И девушка махнула рукой себе за спину, приглашая попутчиков выбирать себе места вокруг отряда бочек, бочонков, кадушек, ушатов и лоханей всех размеров и фасонов, оккупировавшего большую часть телеги.

– Спасибо, Грета! Сейчас я только воз на двор поставлю и Сивого в конюшню верну…

– Сивого оставь, – строго нахмурился чародей.

– Зачем? – удивленно поднял брови домиком дровосек. – Ведь я же возвращаться не буду.

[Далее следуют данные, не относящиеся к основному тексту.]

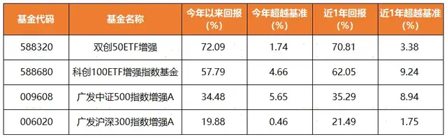 在指数增强方面,广发基金已布局多只产品,跟踪标的指数包括沪深300、中证500、中证A500、中证800、创业板指、科创创业50、科创板100等,为投资者提供多样化选择。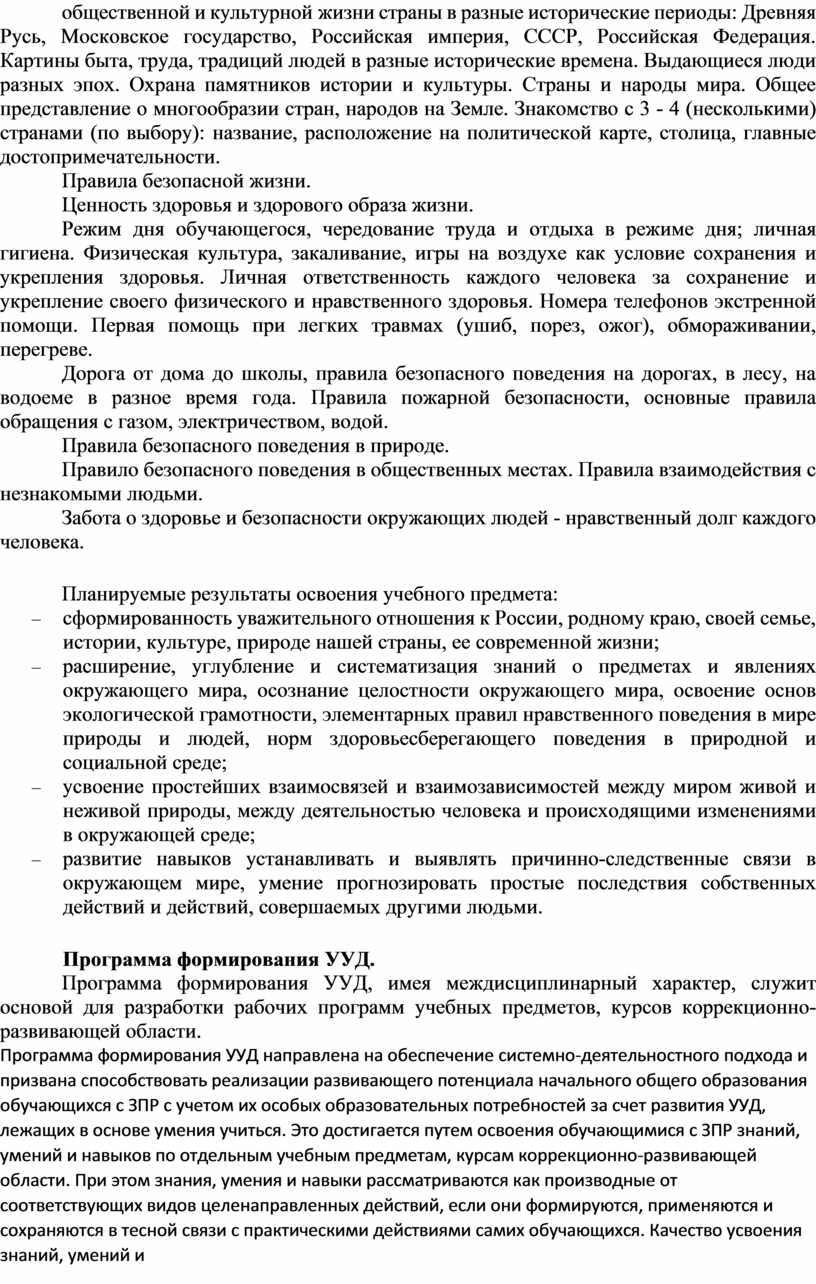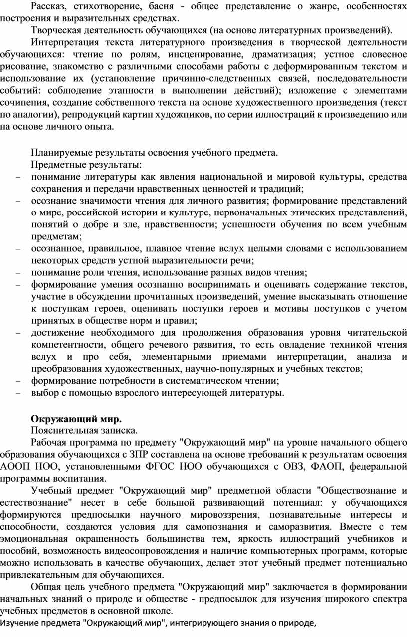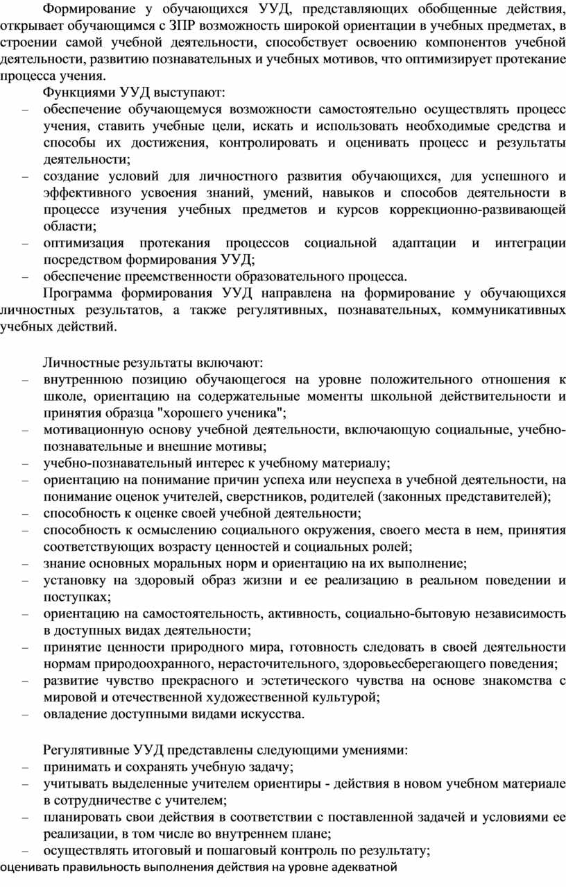 планируемые результаты освоения обучающимися с ЗПР начального общего образования;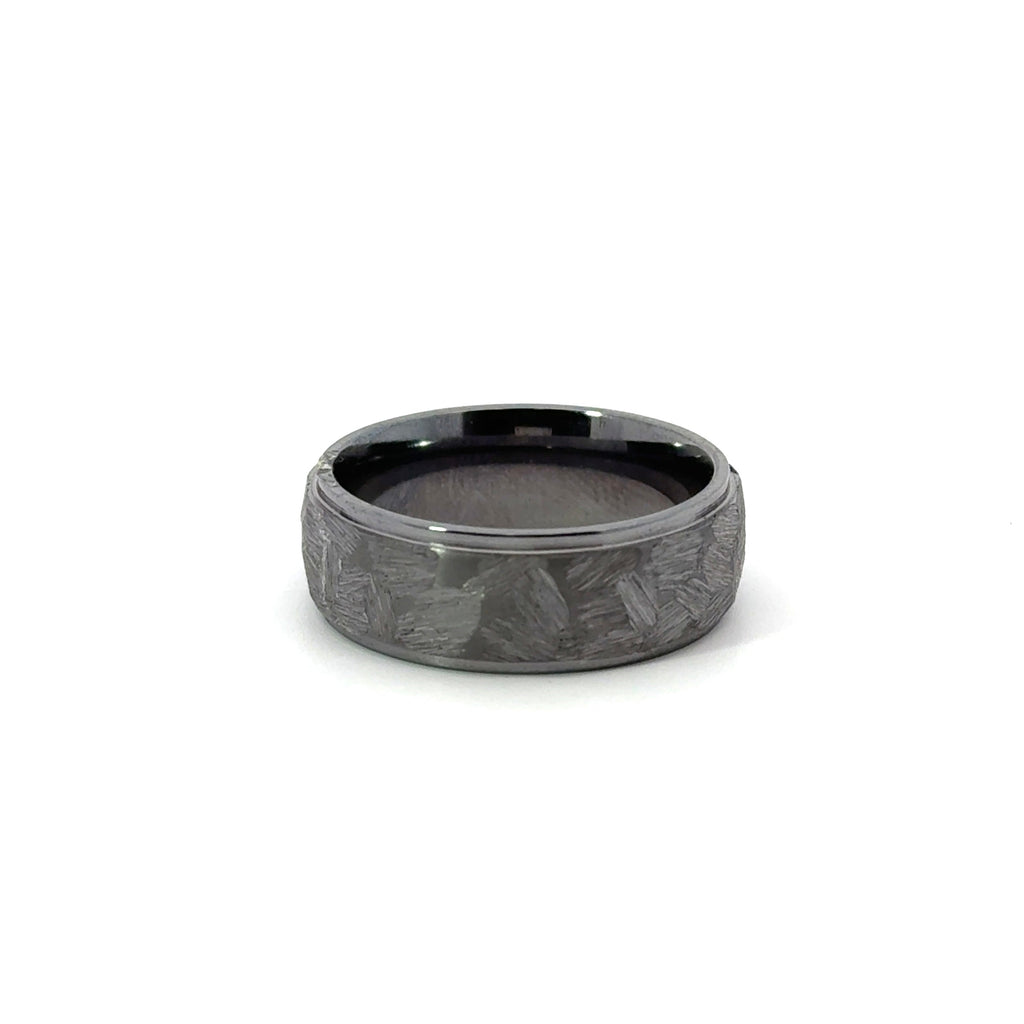 Men's Dome Edged Tantalum Wedding Band- Rock Finish - Choice of 6 / 7 or 8MM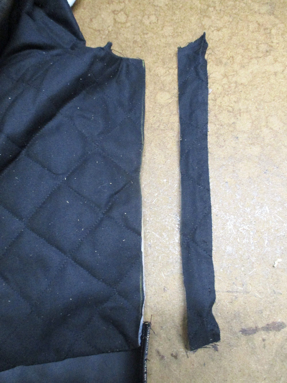 15枚目は裏地側の肩幅の生地をカットした写真です。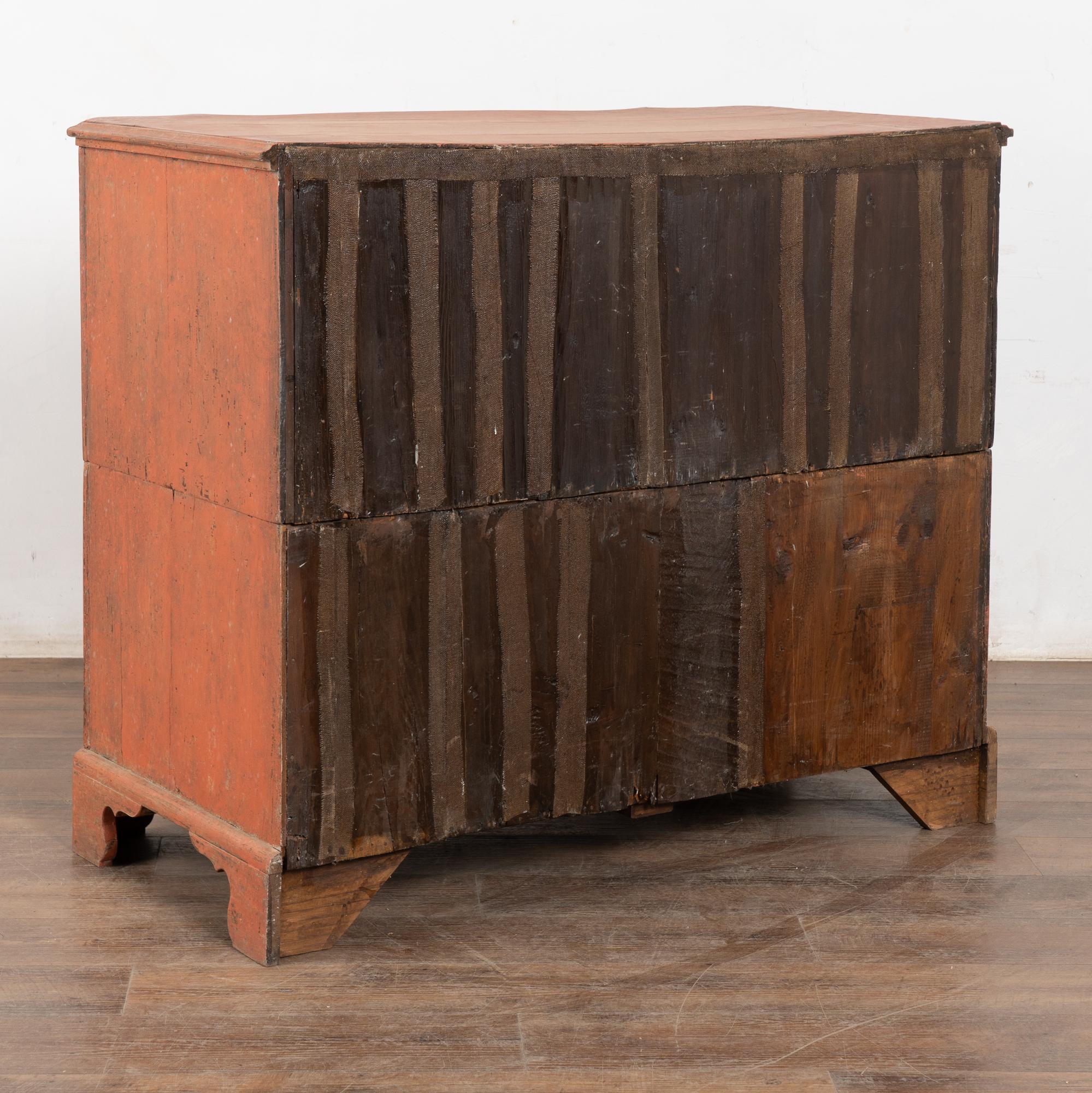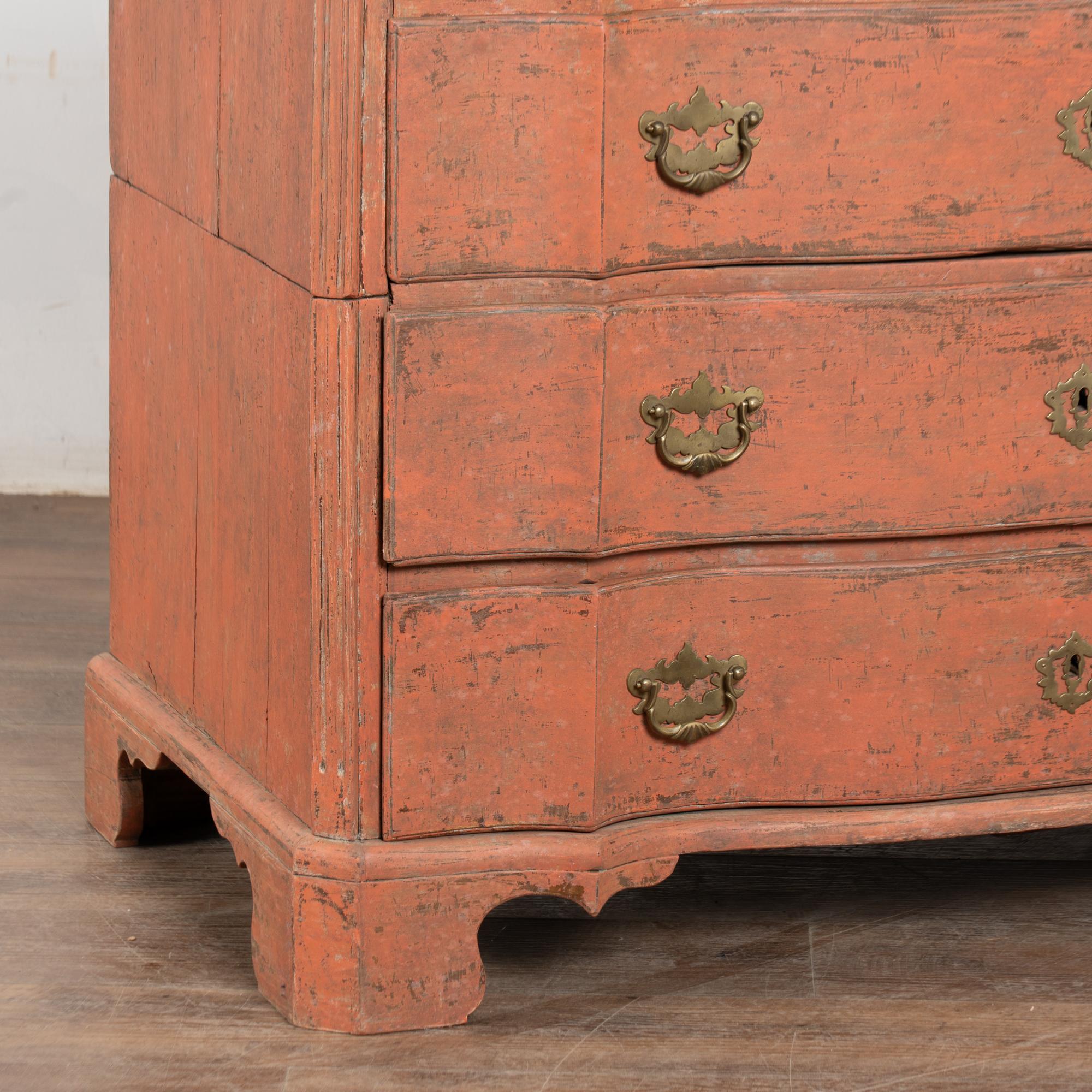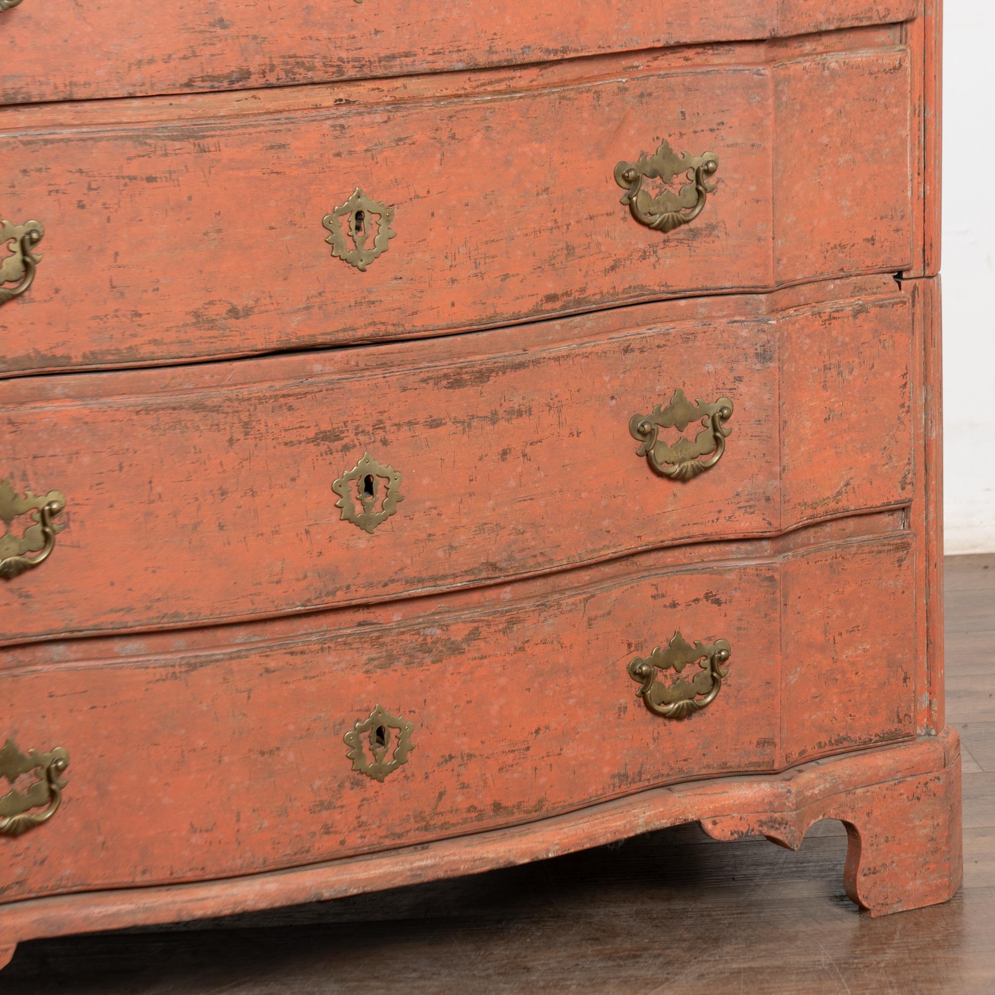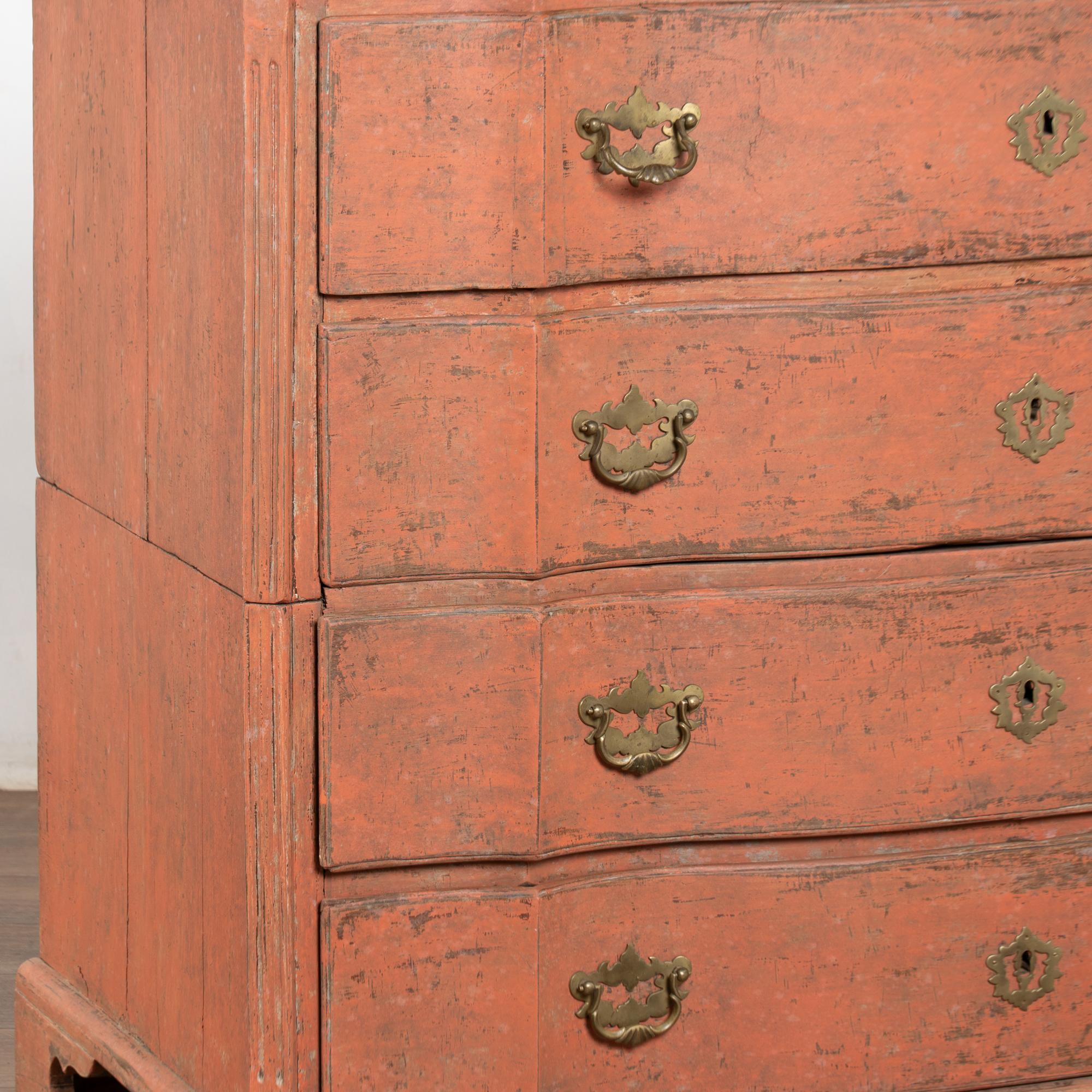 This rococo large oak chest of four drawers features a newer, professionally applied and layered salmon painted finish which is gently distressed, revealing the natural wood below while complimenting the age and curved lines of the chest.

Ты же сказал, что я…

– Ну сказал – значит, так оно и будет, – маг поспешно прервал раскрытие планов на будущее в присутствии постороннего.

– Так зачем мне тогда конь? – еще более недоуменно моргнул Лесли.

– А в турнире ты на чем собираешься участвовать? – сварливо скрестил руки на груди студиозус. – На палочке?

– Я?..

– Ты?!.. Лесли, он это серьезно?! Ты вправду…

– Помолчи, женщина! – сурово притопнул Агафон, и Грета от неожиданности ойкнула и прикрыла ладошкой рот.

– Но когда ты сказал, что мы поедем на турнир, ты не говорил, что я буду в нем участвовать!!!.. – панически озираясь по сторонам, словно в поисках поддержки, возопил дровосек.

– Ты что, струсил?!

– Нет!!! Но у меня нет доспехов…

– Будут!

– Оружия…

– Организуем!

– Боевого жеребца…

– Сделаем!

– Наконец, я не умею драться ни на мечах, ни на копьях, ни на чем там они еще сражаются!!!

– Да чего там уметь! Старайся треснуть его так, чтобы свалить, но чтобы он при этом не треснул тебя – вот и вся премудрость! Уметь! Ха! Чего там уметь-то! Это тебе не деревья рубить!

– Но там допускают только благородных рыцарей – а я всего лишь лесоруб, сын лесоруба!

– Придумаем тебе благородство!

– Но мне никто не поверит!..

– Слушай, ты, дитя моё, я вообще не понял: ты собираешься жениться на этой дурацкой принцессе, или нет?! – в запале дебатов выпалил фей, и тут же прикусил язык… Но было поздно.

– Так ты… ты… ты… Лес… ты… собираешься жениться на принцессе Изабелле?.. – Грета изумленно вытаращила глаза и открыла рот.

– Нет! То есть, да… То есть, почему бы и нет? – приободрился Лесли, поднял голову и расправил плечи. – Я парень – что надо! Работящий. Сильный. Исполнительный. И племянник… деверь… шурин… кум… этой… как ее… Ну, Уне…

– Кому?.. Чего ты несешь? Какой еще… Уне?! – Грета возмущенно уперла руки в бока. – У нас в деревне нет никаких Унь! Тебе чего – в лесу по голове суком прилетело?

– Да много ты знаешь – есть, нет!.. Темнота некультурная! – лесоруб обиженно выпятил нижнюю губу и скрестил руки на груди. – И вообще – чего ты на меня кричишь? Тебе что – жалко, что я на принцессе женюсь?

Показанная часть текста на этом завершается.